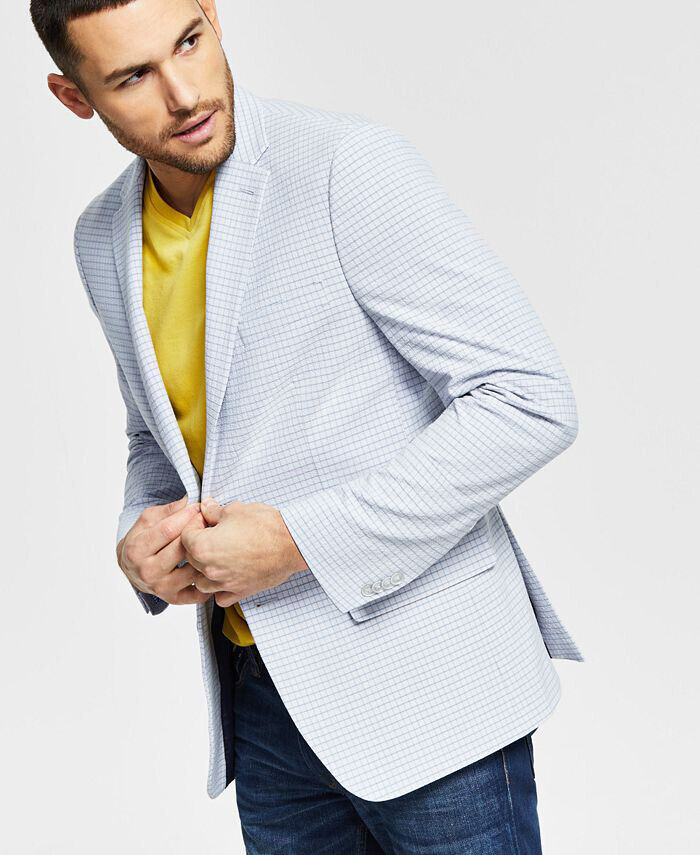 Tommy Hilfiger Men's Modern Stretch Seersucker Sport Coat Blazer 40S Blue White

※ ※ ※

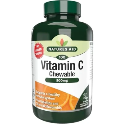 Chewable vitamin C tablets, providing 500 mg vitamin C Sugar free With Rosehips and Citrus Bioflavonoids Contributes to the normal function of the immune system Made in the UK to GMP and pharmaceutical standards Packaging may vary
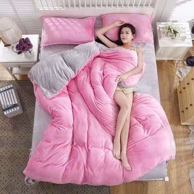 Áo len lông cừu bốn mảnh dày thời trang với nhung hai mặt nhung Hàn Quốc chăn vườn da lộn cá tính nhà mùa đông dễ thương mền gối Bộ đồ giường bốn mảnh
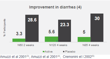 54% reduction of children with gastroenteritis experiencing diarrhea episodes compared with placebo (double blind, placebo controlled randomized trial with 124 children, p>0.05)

※ ※ ※

Exercise requirements | Everything from the line with "Áo len lông" through the line with "54% reduction of" in the material above should be transcribed exactly, except the pictures.

Finished exercise |
 Áo len lông cừu bốn mảnh dày thời trang với nhung hai mặt nhung Hàn Quốc chăn vườn da lộn cá tính nhà mùa đông dễ thương mền gối Bộ đồ giường bốn mảnh
 54% reduction of children with gastroenteritis experiencing diarrhea episodes compared with placebo (double blind, placebo controlled randomized trial with 124 children, p>0.05)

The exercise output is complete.